Having allowed the appeal against the finding of discrimination, this also undermined the tribunal’s reasoning on constructive unfair dismissal. The alternative basis for that conclusion was, however, also flawed as the tribunal had failed to apply the correct test when determining whether there had been a breach of the implied term of trust and confidence and had failed to provide an adequate explanation of it finding that a breach arose from a failure of personal communication.
Race Discrimination: Differentiating comparators
In the direct race discrimination case of Virgin Active Ltd v Hughes  EAT 130, the question before the EAT was whether it was correct for the employment tribunal to consider a colleague who had made a comment about her own race as a valid comparator for a claimant who had made a comment about a colleague’s race.
The claimant in this case was a gym manager who had been dismissed. He had won several claims at the tribunal, including unfair dismissal, automatic and ‘ordinary’ unfair dismissal, and race discrimination concerning the handling of his disciplinary process and a grievance. The respondent appealed on various grounds and succeeded in overturning the findings related to race discrimination.
The tribunal had considered three of the claimant’s colleagues as comparators, even though their situations appeared significantly different from the claimant’s. The tribunal argued that the differences in treatment of these comparators shifted the burden of proof and upheld the complaint.
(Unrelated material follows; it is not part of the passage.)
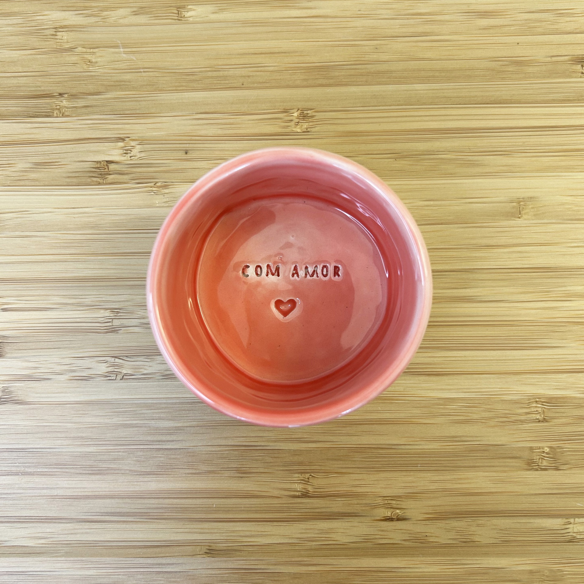 • Taça rosa com texto COM AMOR e coração no interior sobre mesa de madeira

However, the EAT disagreed with the tribunal’s approach. It pointed out that the tribunal had not adequately assessed whether the claimant’s comparators were indeed suitable comparators, given their differing circumstances. A tribunal should carefully evaluate any material differences between a claimant and a valid comparator. The more significant the differences in their circumstances, the less likely the disparate treatment indicates discrimination. To illustrate this, the EAT provided an example: if two individuals of different races both undergo a job interview and one succeeds while the other does not, this alone wouldn’t be enough to shift the burden of proof. However, if both candidates scored equally in an assessment but were treated differently, that might indeed warrant shifting the burden of proof.
Additionally, the judgment highlighted that delay, on its own, is not sufficient grounds for an appeal. (The judgment had been delayed due to the Employment Tribunal Judge’s serious ill-health.)